10/28/2024 | Press release | Distributed by Public on 10/28/2024 13:56
WASHINGTON - AMVAC Chemical Corporation was sentenced today to three years of probation time and a $400,000 fine for violating the Resource Conservation and Recovery Act (RCRA), the federal hazardous waste law.
According to court documents, AMVAC is a California corporation formed in 1945, which manufactures and distributes fungicide, defoliant, insecticide, herbicide, molluscicide, fumigant and pesticide products. AMVAC owned and operated a facility in Axis, Alabama, where it made pesticides to distribute and sell in the United States and other countries. In 2006, AMVAC purchased the Thimet pesticide product line from another company. The active ingredient in Thimet was Phorate. The Environmental Protection Agency (EPA) identified waste Phorate to be an acute hazardous waste under the RCRA.

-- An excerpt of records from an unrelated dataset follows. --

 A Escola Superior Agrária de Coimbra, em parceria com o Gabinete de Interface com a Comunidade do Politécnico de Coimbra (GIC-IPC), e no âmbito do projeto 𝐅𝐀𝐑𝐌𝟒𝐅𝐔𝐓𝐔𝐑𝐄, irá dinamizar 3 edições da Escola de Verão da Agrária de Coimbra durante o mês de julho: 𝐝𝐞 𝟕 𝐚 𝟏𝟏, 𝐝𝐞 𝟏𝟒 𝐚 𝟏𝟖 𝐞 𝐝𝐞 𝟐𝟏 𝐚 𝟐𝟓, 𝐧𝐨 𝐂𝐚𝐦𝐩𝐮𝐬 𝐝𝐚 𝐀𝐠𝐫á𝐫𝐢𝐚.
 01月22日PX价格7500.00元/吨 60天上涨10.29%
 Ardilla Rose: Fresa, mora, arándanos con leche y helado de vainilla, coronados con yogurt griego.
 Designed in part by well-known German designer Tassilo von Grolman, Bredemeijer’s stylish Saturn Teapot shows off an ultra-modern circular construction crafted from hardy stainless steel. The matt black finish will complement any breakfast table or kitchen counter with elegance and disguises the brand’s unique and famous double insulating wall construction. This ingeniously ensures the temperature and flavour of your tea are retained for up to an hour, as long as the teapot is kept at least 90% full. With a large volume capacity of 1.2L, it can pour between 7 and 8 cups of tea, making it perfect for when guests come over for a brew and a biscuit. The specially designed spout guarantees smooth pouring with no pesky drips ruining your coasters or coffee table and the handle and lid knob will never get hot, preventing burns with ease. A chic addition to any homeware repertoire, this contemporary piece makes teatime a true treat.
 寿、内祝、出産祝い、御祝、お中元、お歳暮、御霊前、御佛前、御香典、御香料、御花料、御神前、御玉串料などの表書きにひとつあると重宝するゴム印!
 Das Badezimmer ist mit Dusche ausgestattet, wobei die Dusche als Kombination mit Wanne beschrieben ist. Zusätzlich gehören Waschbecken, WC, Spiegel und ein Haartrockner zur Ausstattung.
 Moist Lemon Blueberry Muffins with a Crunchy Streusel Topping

AMVAC sold and shipped Thimet in reusable containers that it would ship back to its production facility in Axis. The reusable containers would contain small quantities of Thimet. In 2015, AMVAC arranged for the return from Australia of 1,080 reusable containers that had been used for Thimet and contained Thimet residue with Phorate, which the EPA had not authorized to be reformulated into a pesticide. AMVAC directed its transporter to complete an import declaration form called "Notice of Arrival Pesticides and Devices," for these containers. AMVAC stated the Thimet from Australia was "not registered" with EPA and described disposal as the purpose for the importation into the United States from Australia.
The containers with waste Thimet arrived at the Port of Savannah in Georgia and were picked up by a transporter hired by AMVAC to move them to a warehouse in Saraland, Alabama, used by AMVAC. AMVAC did not notify its transporter that the containers held hazardous waste nor did AMVAC cause a hazardous waste manifest to be created for the transportation of the waste Thimet, in violation of RCRA.

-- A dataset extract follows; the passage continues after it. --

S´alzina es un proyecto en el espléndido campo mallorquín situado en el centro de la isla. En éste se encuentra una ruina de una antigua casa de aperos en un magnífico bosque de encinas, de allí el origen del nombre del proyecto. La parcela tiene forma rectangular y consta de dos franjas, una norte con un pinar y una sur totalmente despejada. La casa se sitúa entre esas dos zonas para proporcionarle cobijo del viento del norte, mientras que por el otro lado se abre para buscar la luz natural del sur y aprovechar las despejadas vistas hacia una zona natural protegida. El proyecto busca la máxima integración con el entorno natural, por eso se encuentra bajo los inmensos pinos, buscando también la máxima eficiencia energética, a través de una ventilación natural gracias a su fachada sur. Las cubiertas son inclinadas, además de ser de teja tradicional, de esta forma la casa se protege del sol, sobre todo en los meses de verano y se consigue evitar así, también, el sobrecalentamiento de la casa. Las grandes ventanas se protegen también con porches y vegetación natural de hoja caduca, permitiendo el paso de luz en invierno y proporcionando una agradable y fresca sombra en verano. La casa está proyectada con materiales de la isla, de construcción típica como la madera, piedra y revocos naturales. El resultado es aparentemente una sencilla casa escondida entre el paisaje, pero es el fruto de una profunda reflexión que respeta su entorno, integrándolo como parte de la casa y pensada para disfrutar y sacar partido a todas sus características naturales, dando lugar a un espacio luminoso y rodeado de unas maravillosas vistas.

Assistant Attorney General Todd Kim of the Justice Department's Environment and Natural Resources Division, U.S. Attorney Sean P. Costello for the Southern District of Alabama and Acting Special Agent in Charge Leslie Carrol of EPA's Criminal Investigation Division made the announcement.
EPA investigated the case.
Senior Counsel Kris Dighe of the Environment and Natural Resources Division's Environmental Crime Section and Assistant U.S. Attorney Michael D. Anderson for the Southern District of Alabama prosecuted the case.